The mechanism whereby psychological stress influences both the peripheral and central inflammatory cascade is co-ordinated by the autonomic nervous system. Thus the release of noradrenaline and adrenaline following the activation of the sympathetic system results in the activation of both alpha and beta adrenoceptors on immune cells thereby initiating the release of proinflammatory cytokines, via the activation of the NF-kB cascade, particularly on macrophages and monocytes in peripheral blood; antagonists of these adrenoceptors block the stress induced rise in these cytokines [27]. Conversely stimulation of the parasympathetic system has the opposite effect on the stress induced inflammatory response. Thus stimulation of the vagus nerve results in release of acetylcholine that activates the alpha-7 sub-unit on nicotinic receptors thereby reduces the activation of NF-kB [28]. It is possible that the anti-depressant-like action of vagal nerve stimulation, occasionally used to treat resistant depression, is associated with such an anti-inflammatory action.

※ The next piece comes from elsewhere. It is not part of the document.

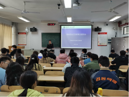 研究生辅导员邓炜带领全体研究生学习《武汉工程大学学生管理规定》、《武汉工程大学学生住宿管理规定》、《武汉工程大学研究生安全管理办法(试行)》等学校相关管理规定,重申学生宿舍日常管理要求,强化违规违纪教育和诚信教育。参会的每位学生现场签订了安全责任告知书。
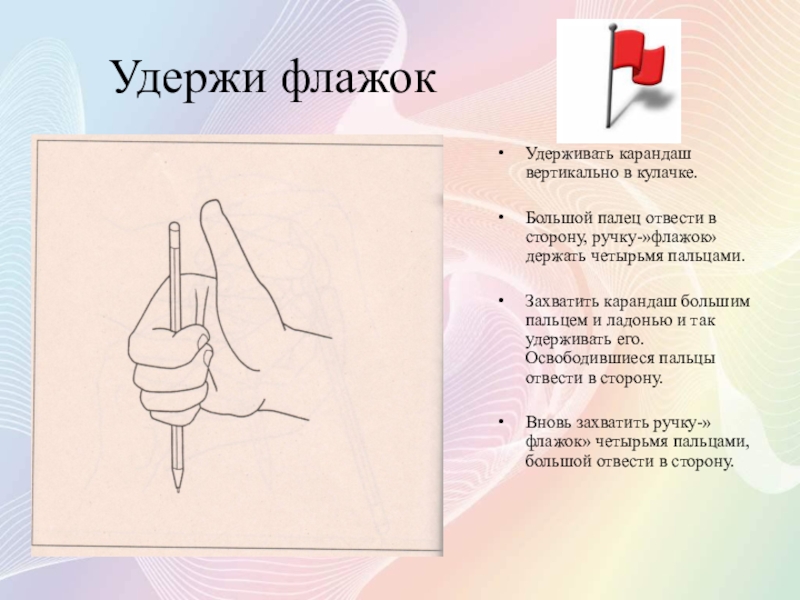 Разместить карандаш так, чтобы мизинец и указательный палец были на карандаше, а средний и безымянный – под ней. Средний, безымянный и большой пальцы соединить, образуя щепоть. Кисть руки поднять вверх.

The question arises why should inflammation occur in depressed patients despite the frequently observed increase in glucocortioids? The most parsimonious explanation is that glucocorticoid receptor resistance in the brain and periphery contribute to the lack of suppression of most types of immune cells with the possible exception of the natural killer cells. One possible explanation is that the stress induced increase in the sympathetic nervous system, combined with steroid resistance, leads to the activation of the microglia in the brain, and macrophages and monocytes in the periphery, thereby leading to the inflammatory state."